The betting and gaming industry has been transformed over the last ten years with digital technology adoption and engagement fundamentally changing the way betting and gaming options are consumed.
Because of these changes, and as taxation and the related compliance costs puts pressure on operators’ profit margins, the UK gambling industry is betting on a wave of mergers and acquisitions to secure a more lucrative future.
The industry is likely to experience market share consolidation as competition intensifies further, and already a number of big deals this year include the £2.3bn alliance between Ladbrokes and Gala Coral in July, a £6bn merger of Betfair and Paddy Power in August, and GVC’s £1.1bn acquisition of bwin.party in September.
Those eyeing the UK situation suggest a “mergers and acquisitions frenzy” is sweeping the UK, as key players scramble to secure their share of the growing mobile betting and gaming market.
In fact, in the year to August, there were more takeovers and mergers in the UK gambling sector than in any other country.
Analysts explain that operators are looking to scale up for two main reasons:
According to the Gambling Commission, revenue in the UK gambling industry surged from £5.6bn in 2010 to £7.1bn in 2014. However, these numbers somewhat obscure the fact that almost all of that growth happened online, with consumers increasingly opting for the convenience of gambling on their smart phones and tablets.
As a result, High Street operators face tougher trading conditions than in previous years – a situation worsened by an increasingly challenging regulatory environment.
The industry is responding to these shifting conditions with purpose and intent. For example, High Street bookmakers Ladbrokes and Gala Coral joined forces this summer in a bid to offset these pressures. Together, their deal will create the UK’s largest bookmaker, with around 4,000 high street betting shops, resulting in a predicted £65m of cost efficiencies.
The idea is that if the two firms – who have pretty much been operating the same business just with different branding – can eradicate duplication costs and administer the best breed of management, they will be in a better position for future growth. As a combined group they also recognize the need to invest more in its mobile offering, and boost the overall user experience.
Paddy Power, a successful High Street and online betting shop, reported in its 2014 annual report that “over 90% of future growth would be in mobile”. And so it came as little surprise this summer that it agreed to combine with online betting exchange Betfair, making them one of the world’s biggest online gaming firms.
We’ve already touched on the significant impact that the planned changes in the regulatory environment will have on the cost of operations in the British remote betting and gaming market.
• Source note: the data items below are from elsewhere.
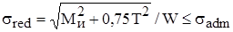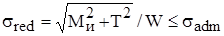 в выражения (1) и (2), запишем соответственно условия прочности вала при использовании третьей и четвертой гипотез прочности: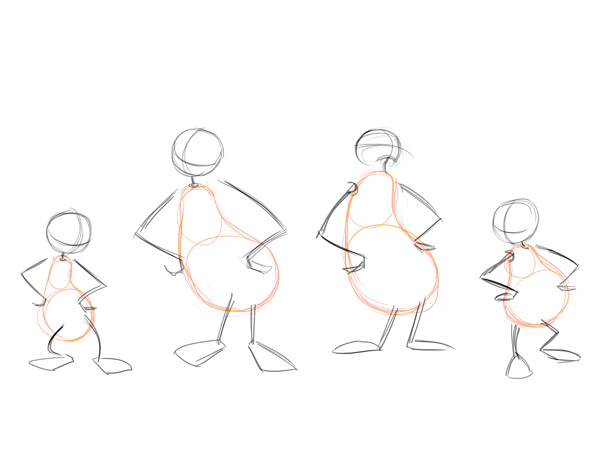 反相的梨形。“梨的规则”是否适用于所有从现在开始将创作的卡通人物? 不一定. 如果我们改变形状,就会给我们的角色创造出力量感! 像下面的例子。 另一些有趣的类比是基于跟角色相似的特殊物体外形,比如下面例子: 愚笨的角色“愚笨的角色”一般这样。两条腿走着(动物也一样),看起来很傻,笨手笨脚的,平凡,懒惰。 这种性格通常被认为是懦夫。 他们通常把远离麻烦放第一位。 它也被表现为书呆子或者沮丧的家伙。 在卡通角色中这里有一个模板可以使用,尽管不是一个明确的规则,并且可能会被改变以适应每个角色的本性: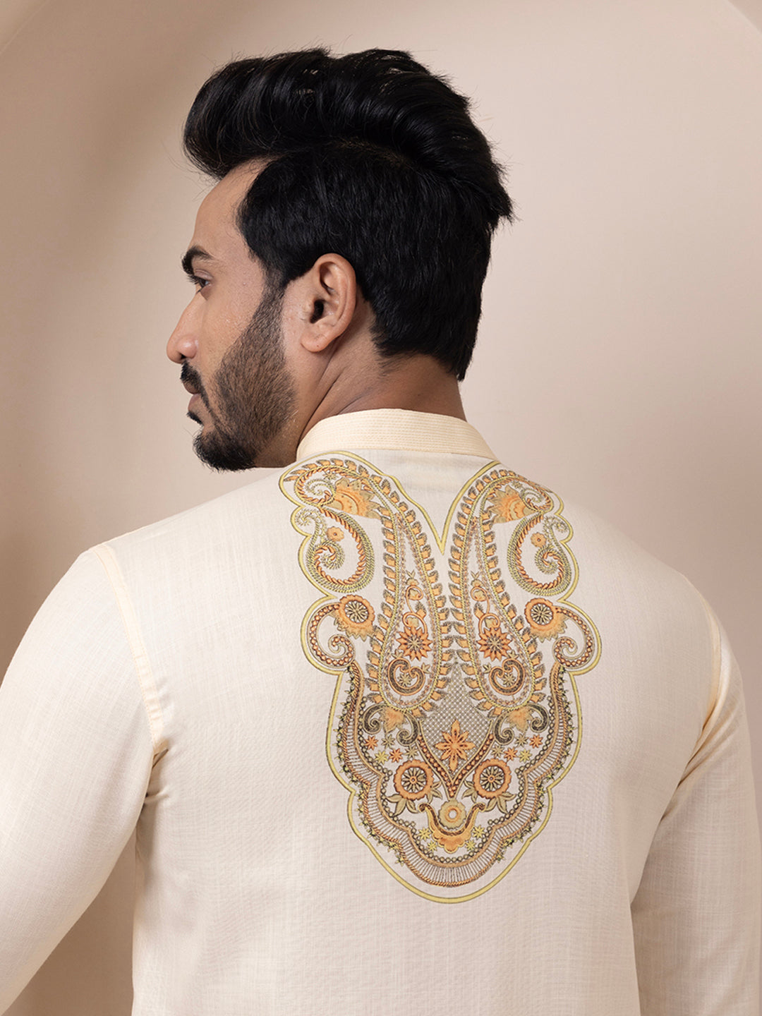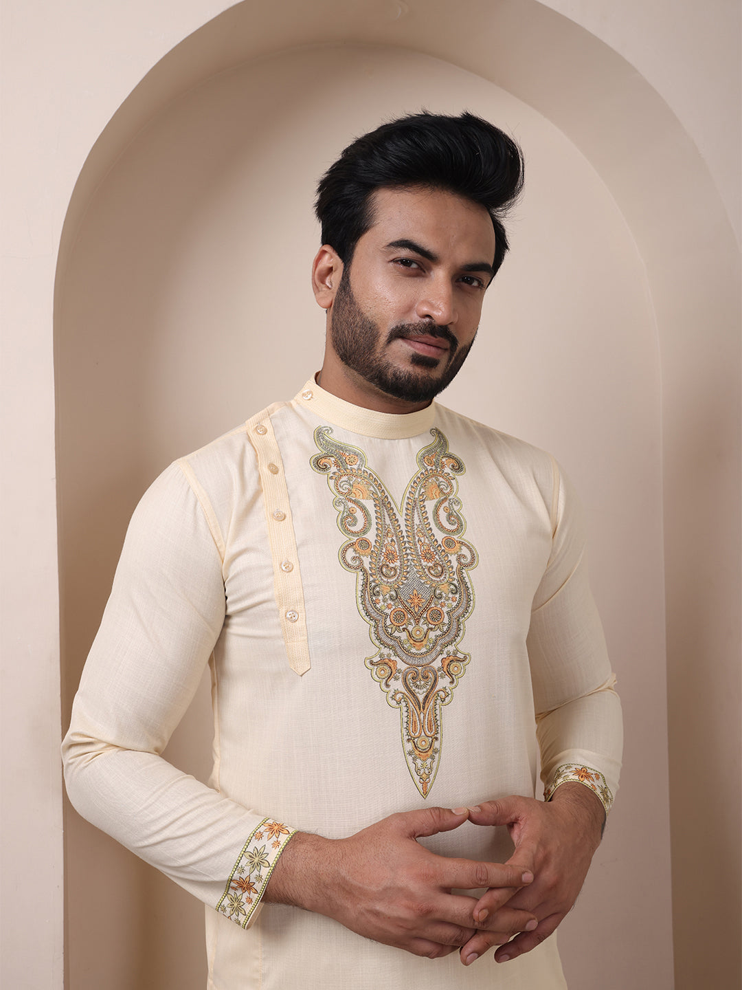 Pair this Beige Cotton Kurta with a contrasting churidar or straight-fit pyjama to achieve a refined ethnic look. Complete the outfit with classic mojaris or leather sandals.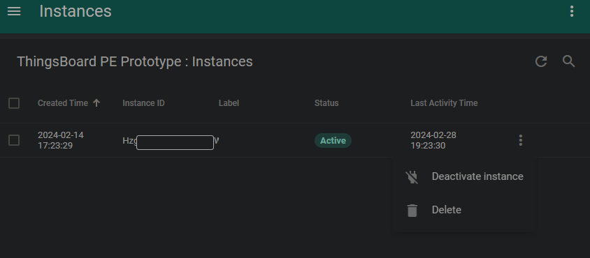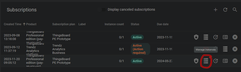 - im License portal https://license.thingsboard.io unter Subscriptions den Subscription Plan finden > 'Manage instances':
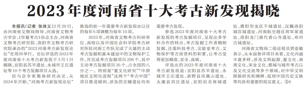 2月29日,由河南省文物局指导,河南省文物考古学会、《华夏考古》杂志主办,河南省文物考古研究院、洛阳市文物考古研究院承办的“2023河南考古新发现论坛”在郑州举行。论坛评选的2023年度河南省十大考古新发现于3月1日揭晓,宜阳县苏羊遗址、永城市王庄遗址等10个考古发掘项目入选。(今日《河南日报》3版)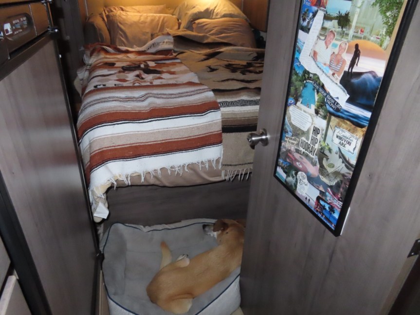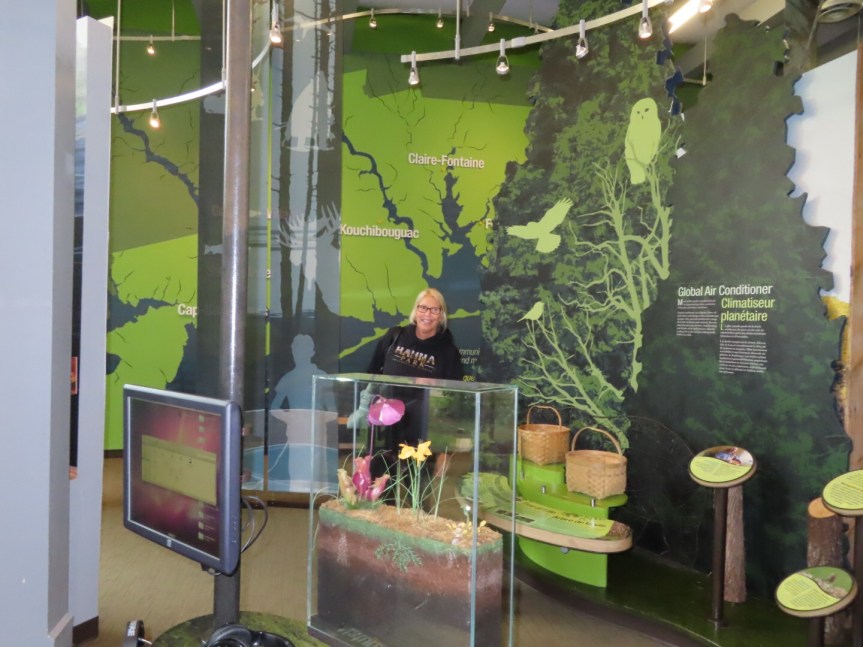 Instead, we drove into the visitors center at the entry to the park and spent some time checking out the exhibits and learning more about the park, the region and history of the people in this area of New Brunswick. Since the weather has been chilly of late, PJ shopped at the gift store for a coat to add to the wardrobe. She found a cute medium weight number to wear on trips into town while I picked out a Canadian National Park cozy to keep my beverages cold.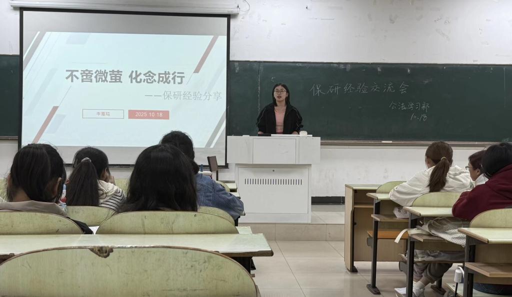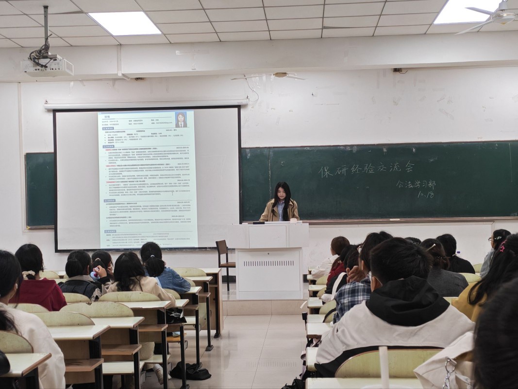 为帮助学子深入了解保研政策,掌握保研备考技巧,10月18日晚,公法学院学习部于教三南103举办了保研经验交流会。本次活动邀请邹畅、陈雨彤、陈慧敏、周乐雅、邢禹阳、李嘉琦作为优秀代表分享经验,公法学院学生参加讲座。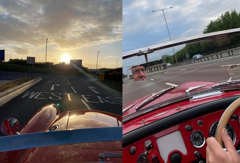 The date coincided with what would have been my father and I’s arrival at Everest Base Camp in Tibet, behind the wheel of the MGA. An epic expedition aborted – stay home, stay safe – we three weren’t at the top of the world, but we were together, we were healthy, and we were soaring across an estuary at the heady elevation of 213 feet. What about that sunrise? Well, it was a no-show but hey-ho, we were motoring! Even if we were on one of the UK’s most hated roads. Dwarfed by monster 12-wheelers, my low-slung sixties roadster held steadily. I was aware of, but unfazed by, the HGVs that thundered along. Happy in our highway comfort zone of around 56-60mph, we stayed in the slow lane, safely out of the way.

While the Point of Consumption tax will become a direct, additional cost for most operators – those offshore such as Ladbrokes’ online offering, 888, Mansion, and Stan James, headquartered in Gibraltar, regulatory changes will also impact them indirectly through increasing compliance and monitoring costs. Even with the forewarning, the industry expects these changes to have a significant impact on profitability, and viability of some businesses.
The increase in costs will put immediate pressure on margins and highlight the importance of operational scale. Those with larger operating scale are likely to emerge as winners due to their ability to absorb, at least temporarily, the increased cost while continuing to invest in product development.
According to Deloitte research, as cost pressures increase, larger operators could grab market share from smaller, more cost-constrained companies. This could happen both through market exits as well as opportunistic and strategic acquisitions.
Despite the challenges facing the online gambling space, as countries around the world have to adapt to new industry regulations, the future is still bright for the industry.
In the short term, the flux of mergers and acquisitions indicate job losses, as the new corporations undergo restructuring and some redundancies required to streamline staffing levels and eliminate duplication of job roles.
Yet overall, the outlook remains optimistic. DF Recruitment predicts that in the long term, these merged establishments will be in a stronger position, allowing them to continue to expand in the future, and in turn to employ more staff. Expect many job opportunities to be created for those with the right skills, particularly in the mobile sector.